A Dunedin man allegedly raped a 12-year-old girl while his wife was in hospital giving birth, a court has heard.
Murray Oscar Kannewischer, 85, is on trial in the Dunedin District Court, where he has pleaded not guilty to 23 sexual assault charges against six girls over a 20-year period.
The allegations span 1963 to 1983, Crown prosecutor Craig Power said.
He told the jury many of the assaults happened when Kannewischer had been drinking.
The first complainant to give evidence said night-time was ''pretty scary'' when she was about 8 years old.
''I'd be scared he would come into the bedroom where I was sleeping,'' she said.
''I'd be asleep and I'd wake up and his face would be right at me, real close to me. He'd be kneeling down beside me but then he'd put his hand under the blankets,'' she said.
''I was absolutely terrified because I didn't actually know what he was doing. I had my eyes closed.
''He smelled strange to me as a child but later on I realised it was alcohol.''
The witness could not remember how many times it happened.
Defence counsel John Westgate said she had added new details to her story since she was interviewed by police.
He suggested there had been no abuse.
"You're wrong. It happened," the woman said.

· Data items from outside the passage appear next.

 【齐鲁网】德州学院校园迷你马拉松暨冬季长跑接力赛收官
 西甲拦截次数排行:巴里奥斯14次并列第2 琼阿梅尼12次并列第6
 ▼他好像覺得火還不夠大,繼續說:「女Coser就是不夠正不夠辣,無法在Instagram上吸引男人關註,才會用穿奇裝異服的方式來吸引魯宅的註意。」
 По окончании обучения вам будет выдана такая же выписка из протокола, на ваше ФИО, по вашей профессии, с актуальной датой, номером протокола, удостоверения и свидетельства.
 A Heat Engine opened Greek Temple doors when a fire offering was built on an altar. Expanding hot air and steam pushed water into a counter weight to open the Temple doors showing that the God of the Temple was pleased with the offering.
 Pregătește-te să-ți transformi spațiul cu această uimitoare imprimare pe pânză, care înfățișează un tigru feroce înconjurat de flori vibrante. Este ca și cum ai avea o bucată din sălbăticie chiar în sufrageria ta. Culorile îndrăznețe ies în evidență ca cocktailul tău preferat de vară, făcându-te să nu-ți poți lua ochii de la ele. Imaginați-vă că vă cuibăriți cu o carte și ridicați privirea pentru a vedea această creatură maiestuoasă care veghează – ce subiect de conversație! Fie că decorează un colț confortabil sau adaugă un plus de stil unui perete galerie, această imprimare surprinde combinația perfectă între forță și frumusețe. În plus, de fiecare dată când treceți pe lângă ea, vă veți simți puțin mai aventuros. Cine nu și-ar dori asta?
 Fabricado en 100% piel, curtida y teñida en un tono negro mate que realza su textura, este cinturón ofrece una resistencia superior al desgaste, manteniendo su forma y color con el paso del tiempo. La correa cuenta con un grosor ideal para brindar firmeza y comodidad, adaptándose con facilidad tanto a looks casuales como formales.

She told the jury that after Kannewischer had violated her, he told her not to tell anybody.
And for many years she did not.
"Why not?" Power asked.
"I was too scared," she said.
Another complainant said Kannewischer would enter her room late at night and fondle her "quite roughly" on a regular basis.

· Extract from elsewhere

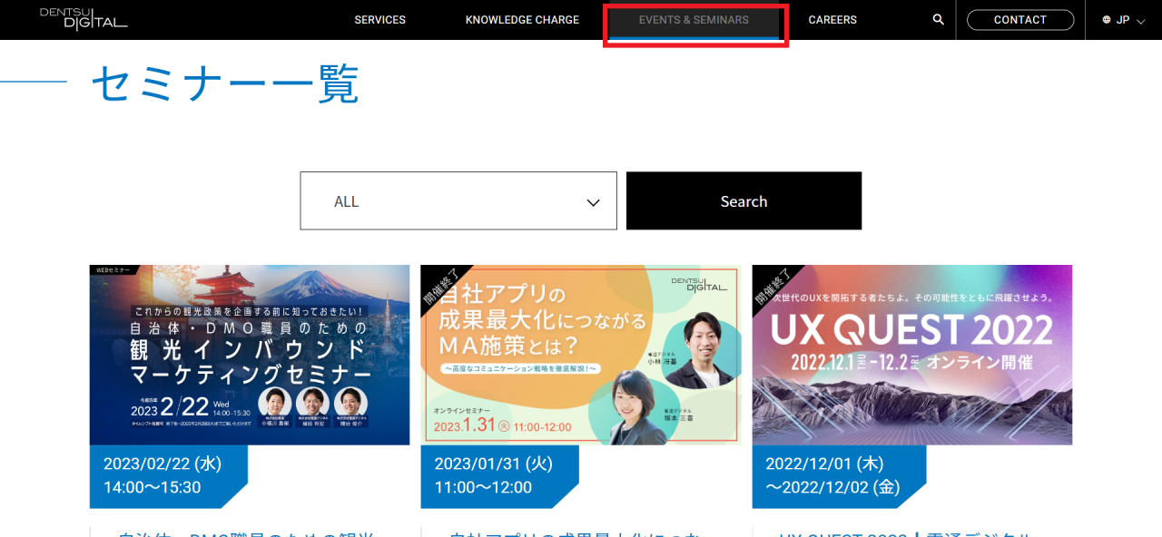 馬場 : グローバルナビゲーションに「EVENTS & SEMINARS(イベント・セミナー)」があり、ここからもLPへ流入する可能性があります。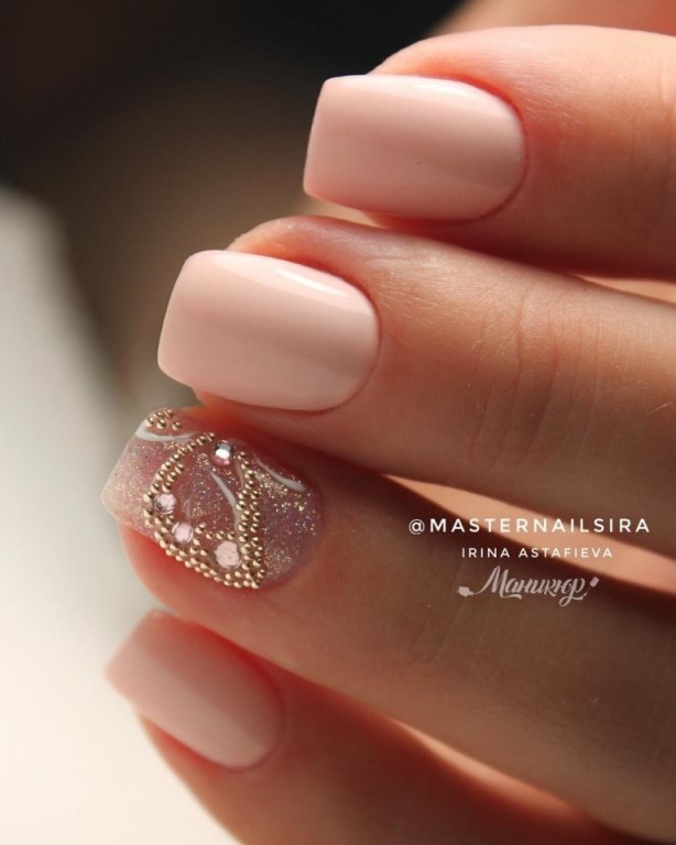 Manicure in pastel colors can be decorated with different decorations. Moreover, the choice of decorative elements is so great that it is sometimes difficult to dispense jewelry when making accent nails of a manicure. The best techniques that allow you to bring a different mood to your design today are:

"It seemed to go on forever," the woman said. "He'd come in and I'd have the blanket up over my head pretending to be asleep, basically holding my breath and hoping it wasn't me."
The prosecutor told the jury one of the other complainants would give evidence she was raped in 1966 when Kannewischer's wife was in hospital giving birth.
The defendant told someone the abuse was helping her "become a woman", Power said.
Kannewischer's wife died in 2012.
After that, one of the women came forward with her allegations and the others followed, the court heard.
Westgate said the claims of abuse were simply untrue.
"You'll be driven to the conclusion the evidence is vague, it's unreliable, it's contradictory and it's illogical," he told the jury.
"You have to decide this case on the evidence, not on emotions, not on preconceived ideas."
The trial, before Judge Michael Crosbie and a jury of seven women and five men, is scheduled to last seven days.